• What needs to be done
Only the lines from the line containing "t的网站。你可以直接和他进行对话,还有内置一些创建功能,比如文档问答、简历生成,自动做p p t什么的。" to the end of the material belong in the copy; set them down exactly, without pictures.

• Stored data
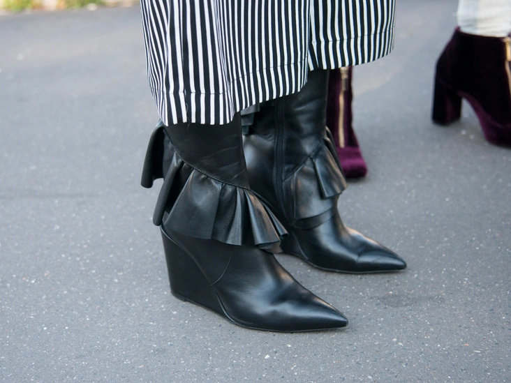 Шнуровка допустима лишь на невысоких ботинках, но никак не на ботильонах или ботфортах. Надев такую модель, вы моментально притяните к себе статус «безвкусица» и получите образ, который носят лишь девушки в провинции (читайте также: Снимите это немедленно: 5 ботинок на шнуровке, которые сделают образ безвкусным). Как исправить внешний вид? Присмотритесь к лаконичным сапогам-трубам без шнуровки и завязок, пусть акцент у них будет на мысе: квадратном или остром — именно такие носят все француженки, законодательницы мод.
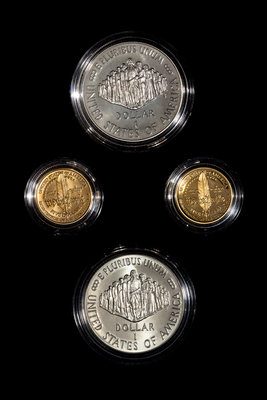 comprising a $5 gold proof, $5 gold coin, $1 silver proof and $1 silver coin, with a Certificate of Authenticity, Display box and US Mint outer box.
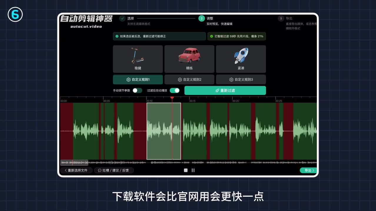 虽然说这个软件感觉完成度还不够高,但是相当的实用,就是你可以上传你的视频或者音频,然后这个软件就会自动帮你把空白的地方都删掉,你看这里红色部分都是删掉的,可以省去大量的重复劳动。实测的话下载软件会比官网用会更快一点,推荐尝试一下。第八个网站,讯飞创作大模型,是国内实际体验下来比较接近g p t的网站。你可以直接和他进行对话,还有内置一些创建功能,比如文档问答、简历生成,自动做p p t什么的。
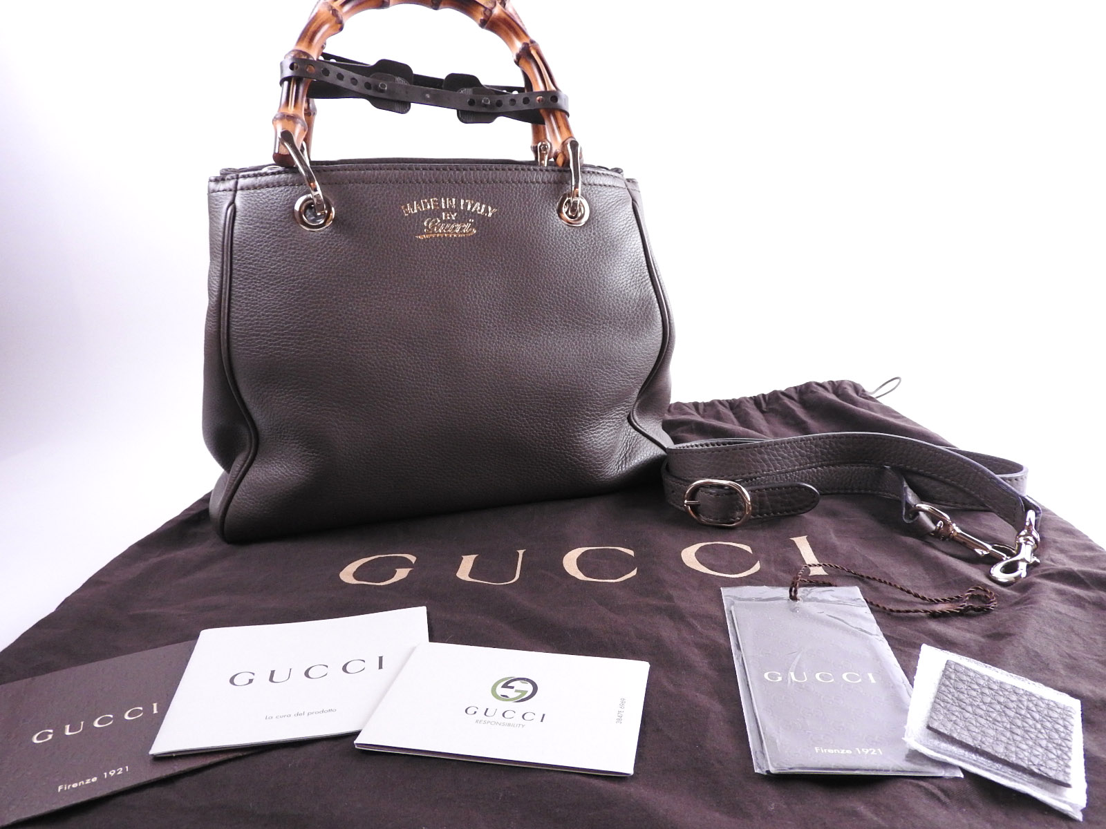 | Comes with | Bag, Shoulder strap, Official shop card(Issued by Hankyu Umeda Gucci Shop 2014.9.20), Manual, Sample Fabric |

• Task output
 虽然说这个软件感觉完成度还不够高,但是相当的实用,就是你可以上传你的视频或者音频,然后这个软件就会自动帮你把空白的地方都删掉,你看这里红色部分都是删掉的,可以省去大量的重复劳动。实测的话下载软件会比官网用会更快一点,推荐尝试一下。第八个网站,讯飞创作大模型,是国内实际体验下来比较接近g p t的网站。你可以直接和他进行对话,还有内置一些创建功能,比如文档问答、简历生成,自动做p p t什么的。
 | Comes with | Bag, Shoulder strap, Official shop card(Issued by Hankyu Umeda Gucci Shop 2014.9.20), Manual, Sample Fabric |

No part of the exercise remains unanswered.